Tracey is the La Crosse Tribune Extra Effort award-winner for Melrose-Mindoro High School.

Kay Ciechanowski, a teacher at Melrose-Mindoro, nominated Tracey for the award after knowing her all four years of high school, noting the student’s hard work both in the classroom and outside of it as a three-sport athlete and member of the band.

“Monika has had to deal with many family issues including losing her mother to a drug overdose,” Ciechanowski said. “At times, Monika was technically homeless because she lived most of an entire school year with a classmate’s family.”

The 18-year-old Tracey remembers fighting with her mother, Brittany Peck, when she was little and often winning, with her mother letting her stay home from school.

“I would always be like ‘I’m sick’ so I could watch over her,” Tracey said.

Throughout her elementary school years, Peck was in and out of jail, mostly for theft charges. While Tracey had other siblings, she was the one who spent the most time with their mother.

“Growing up, my mom was my best friend. I was always the one with her,” Tracey said.

When her mom was arrested, Tracey would stay with her grandparents, sometimes being driven to their home in the back of a squad car – an experience she did not enjoy.

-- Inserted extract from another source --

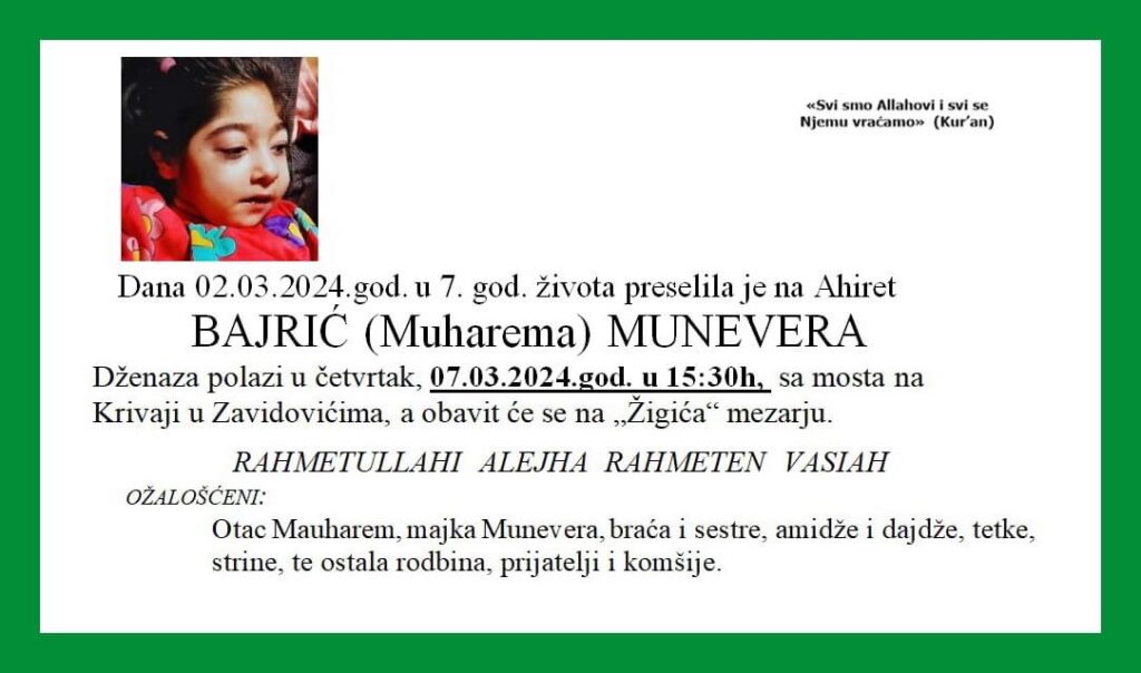 Zavidovići su okovani velikom tugom nakon vijesti da ih je zauvijek napustila malena Munevera Bajrić, piše 072info.

However, she never wanted to go to her dad’s house because she didn’t get along with her stepmom at the time.

Everything changed before the start of fifth grade, when she was taken from her mother and placed with her dad, Jason Tracey. She was cut off from regular contact with her mom and grandparents and her dad got her started going to school regularly.

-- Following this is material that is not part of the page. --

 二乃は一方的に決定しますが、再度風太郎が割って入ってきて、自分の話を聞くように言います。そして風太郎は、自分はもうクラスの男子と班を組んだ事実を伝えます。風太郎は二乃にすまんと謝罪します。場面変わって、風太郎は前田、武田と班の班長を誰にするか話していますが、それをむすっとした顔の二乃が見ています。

“I didn’t really know how to do anything, and I struggled so hard, but the teachers helped me out,” Tracey said.

Since then, school has been a reassuring constant in her life.

“Due to the home situations and stuff like that, I would always look to school as like a getaway. I really loved going to school. I had perfect attendance for two years in a row in middle school,” Tracey said.

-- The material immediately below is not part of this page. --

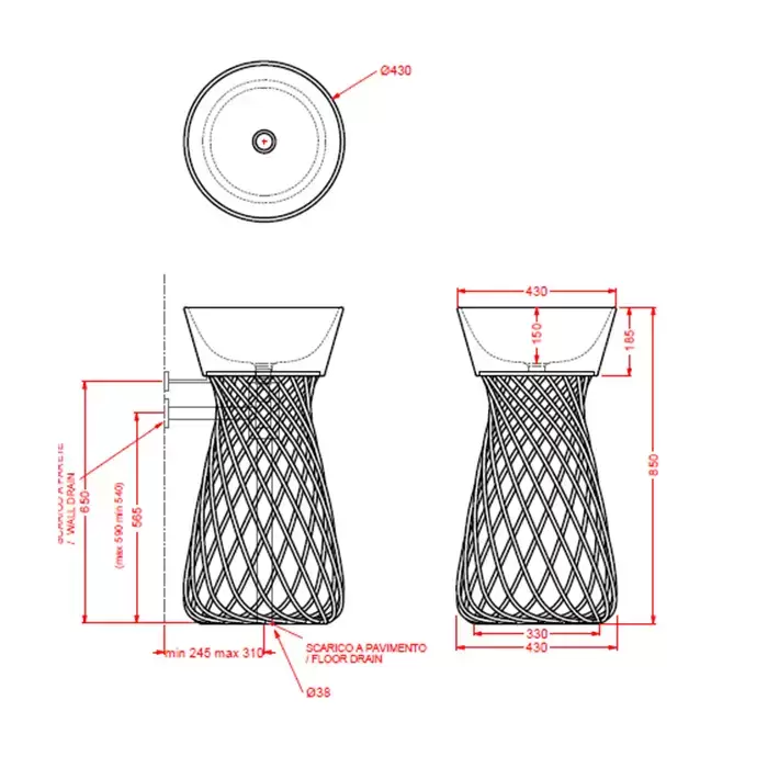Artceram WIRE Раковина 43 см, без отв., цвет: черный глянцевый

While she always has a place to stay with her dad, Tracey often stays at the home of her friend, Katie Peterson.

“It’s closer to school,” she said.

Even after moving in with her father, her life still hasn’t been easy. Her mother died Feb. 2, 2018, after overdosing on heroin.

Tracey remembers being pulled out of class by an office worker, who told her she needed to go home.

“I said, ‘What home should I go to?’” she said.

On her way to her dad’s house, she was afraid something had happened to her grandpa. She never expected to come home and have her father, who was clearly struggling to give her the news, tell her that her mother was found unresponsive.

“I didn’t believe him. I was just like, ‘No, they did not.’ ” Tracey said.

It was a difficult time. While Tracey had called and texted her mother, she hadn’t seen her regularly in years.

“It still is (hard). Sometimes I drive and feel like I’m just going to see her walking,” she said.

Tracey was able to get through it thanks to her friends and family at Melrose-Mindoro.

“My two best friends and I, we went to a movie. They treated me to a movie, then I helped my grandpa and my siblings, Megan and Molly. We set up my mom’s memorial,” Tracey said.

Despite the hardship, she maintained a 3.5 GPA as a senior, while participating in cross-country, basketball and soccer. She also has a part-time job.

“Monika always worked hard in the classroom and in her job so she could provide for herself and this sense of pride will serve her well in her future,” Ciechanowski said.

Monika plays both the E-flat and B-flat Clarinet — her clarinet choir received the top score at the Wisconsin Solo and Ensemble event last year — and is a member of Teens Against Tobacco use, teaching younger kids about the dangers of smoking, chewing and even vaping.

She had seen people struggle with nicotine addiction and wanted to help younger people avoid it.

“Monika always tries to be a positive example for others, especially classmates that have home struggles,” Ciechanowski said.

After high school, Tracey plans to attend the University of Wisconsin-La Crosse and go into the health-care field.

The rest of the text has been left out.